■ PROBLEM:
Your copy should match the listing below exactly, except that it holds no images.

GIVEN MATERIAL section start

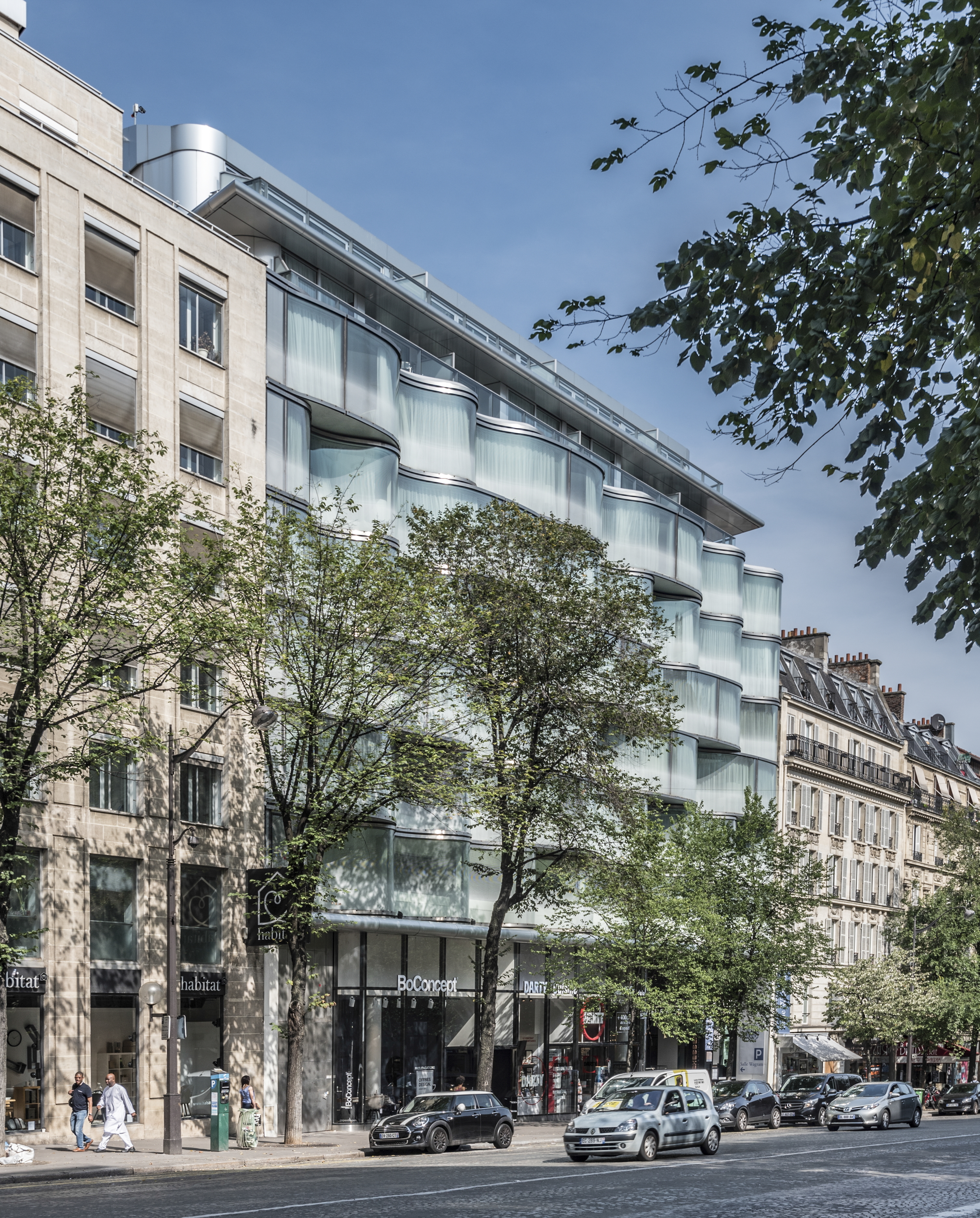 exterior, undulating glass facade, 2017 39 Avenue de Wagram, 75017, Paris, France
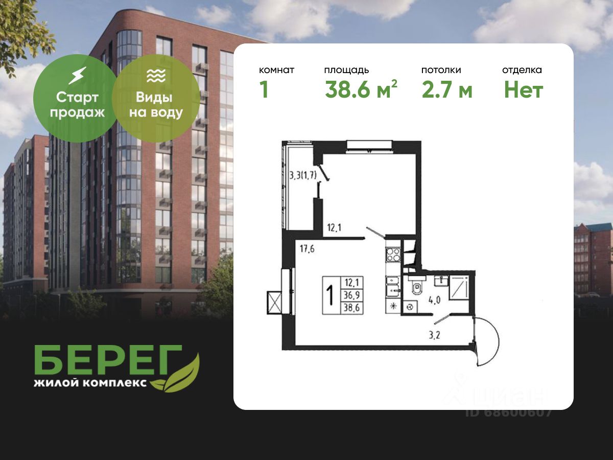 Продаётся 1-комнатная квартира в строящемся доме (Корпус 8 (2 очередь)), общей площадью 38.60 кв.м., на 7 этаже.
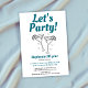 Retro meets celebration with this 50th birthday party invitation. Designed with “Let’s Party” in a retro font, two outlined cocktail glasses toasting with hearts, and elegant serif party details in teal and black on a white background, it’s the perfect invite for a fun and stylish milestone birthday. The back features the same retro cocktail design for a cohesive look. All text is fully customisable.

GIVEN MATERIAL section end

■ RESPONSE TO THIS EXERCISE:
 exterior, undulating glass facade, 2017 39 Avenue de Wagram, 75017, Paris, France
 Продаётся 1-комнатная квартира в строящемся доме (Корпус 8 (2 очередь)), общей площадью 38.60 кв.м., на 7 этаже.
 Retro meets celebration with this 50th birthday party invitation. Designed with “Let’s Party” in a retro font, two outlined cocktail glasses toasting with hearts, and elegant serif party details in teal and black on a white background, it’s the perfect invite for a fun and stylish milestone birthday. The back features the same retro cocktail design for a cohesive look. All text is fully customisable.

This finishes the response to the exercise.